While the R-squared value suggests a strong model fit, the RMSE and MAE indicate that there may still be significant prediction errors for individual observations. This could imply that while the model generally captures the trends and patterns in the data well, there might be specific cases where the model does not predict as accurately, possibly due to outliers or certain schools that have unique characteristics not captured by the model.
Here’s a breakdown of the evidence for non-linearity from the plots:
Expend (Expenditures per Student): The plot shows a non-linear relationship.
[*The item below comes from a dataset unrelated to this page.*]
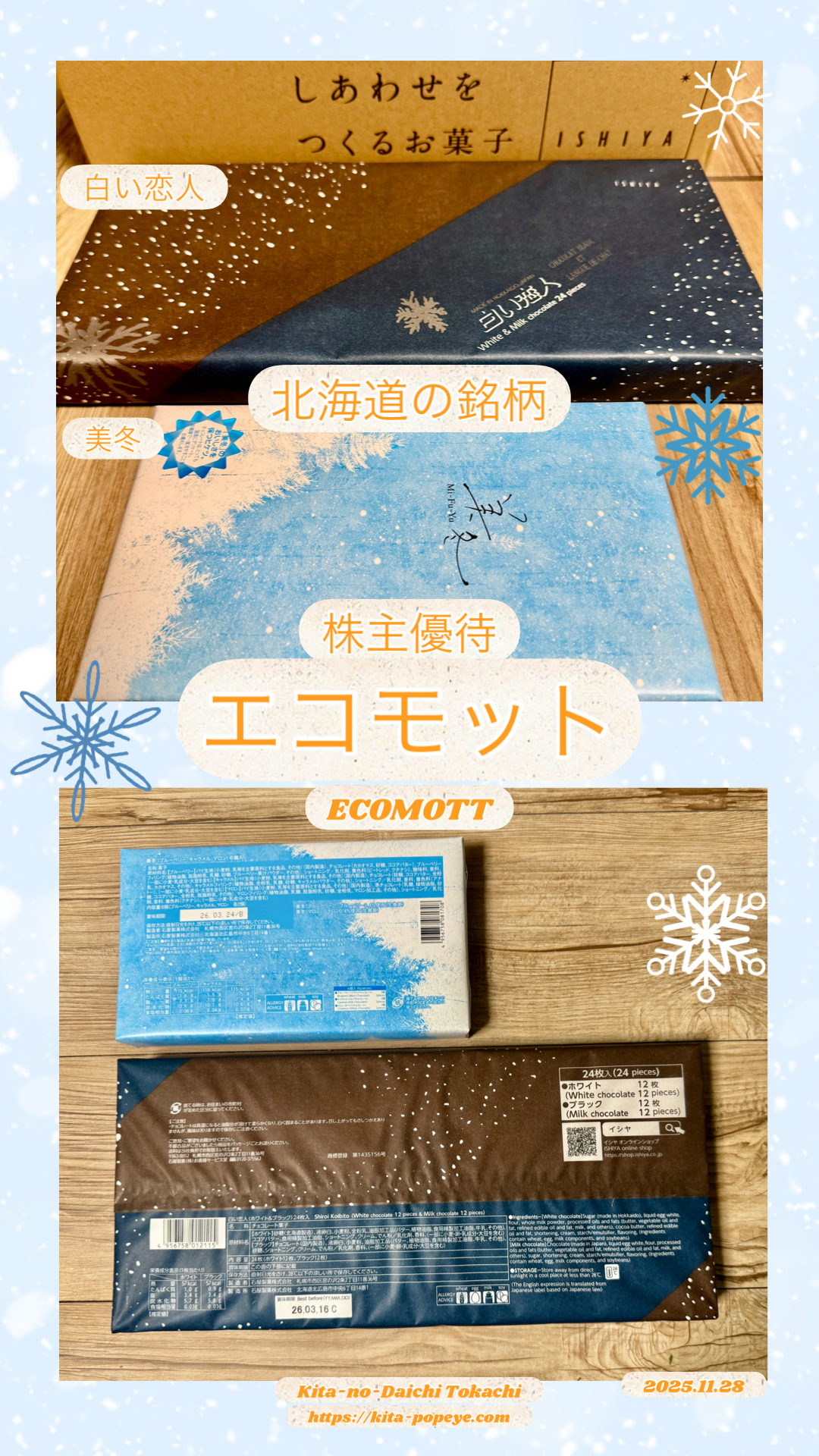 #株主優待 #エコモット #ECOMOTT #北海道銘菓 #白い恋人 #石屋製菓 #美冬

Initially, as Expend increases, the out-of-state tuition increases as well, but the rate of increase slows down. This suggests diminishing returns in terms of tuition increase as expenditures per student grow higher.
Room.Board (Cost of Room and Board): The relationship appears mostly linear with a slight curvature at the ends. This could be considered a weak non-linear relationship. It suggests that the tuition increases with room and board costs, but the effect may change slightly at very high or low values.
perc.alumni (Percentage of Alumni Who Donate): The plot is relatively flat with slight fluctuations, suggesting that there is minimal non-linear relationship or perhaps a very weak one. This indicates that the percentage of alumni who donate may not have a strong non-linear impact on out-of-state tuition.
Accept (Number of Accepted Students): The plot for Accept shows some non-linearity, with tuition decreasing as the number of acceptances increases, but then plateauing. This indicates a non-linear effect where increasing the number of acceptances initially reduces tuition, but only up to a certain point, after which the effect levels off.